KCWC-FM
- Riverton, Wyoming; United States;
- Frequency: 88.1 MHz

Programming
- Format: Contemporary hit radio

Ownership
- Owner: Central Wyoming College

History
- First air date: October 7, 1974

Technical information
- Licensing authority: FCC
- Facility ID: 10030
- Class: C2
- ERP: 3,000 watts
- HAAT: 442 meters (1,450 ft)
- Transmitter coordinates: 42°34′58.8″N 108°42′38.4″W﻿ / ﻿42.583000°N 108.710667°W
- Translator: 102.3 K272BI (Mountain View)

Links
- Public license information: Public file; LMS;
- Webcast: Listen live
- Website: cwc.edu/radio

= KCWC-FM =

KCWC-FM (88.1 FM) is a radio station broadcasting a contemporary hit radio format.
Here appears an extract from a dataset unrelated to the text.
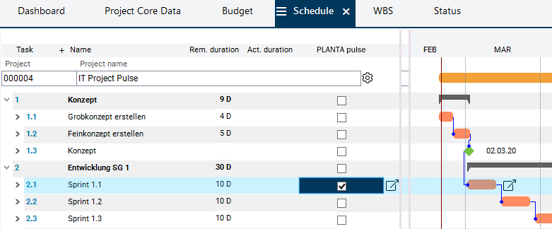 Activate the PLANTA pulse checkbox in the record of the Sprint 1.1 task in the Schedule module.

Licensed to Riverton, Wyoming, United States, the station is owned by Central Wyoming College.

==History==
The station went on the air as KCWC-FM on October 7, 1974. The transmitter was located on the science building on the campus of Central Wyoming College. It was initially only broadcasting with 10 watts. In 1977 the station moved its transmitter and increased its power to 3,000 watts.

In 1982, the station again moved its transmitter and increased its height above the average terrain, allowing it to be heard farther.

In January 2009, the name of the station, as well as its format, were changed. KCWC-FM became "Rustler Radio", with a Top 40/contemporary hits sound instead of its previous jazz/adult alternative format.

The station is non-commercial and frequently does public service announcements, many of which are produced by its live on air DJs and student employees. Students at the school can take classes regarding KCWC, which allows them to create their own shows and learn the day-to-day operations of radio broadcasting.

KCWC-FM shares facilities with Wyoming PBS on the campus of Central Wyoming College.
KCWC-FM has been nominated for awards in the past, and was considered one of the most listed to radio stations in Fremont County.

The station has a translator, K272BI, broadcasting to Mountain View, Wyoming, on 102.5 FM.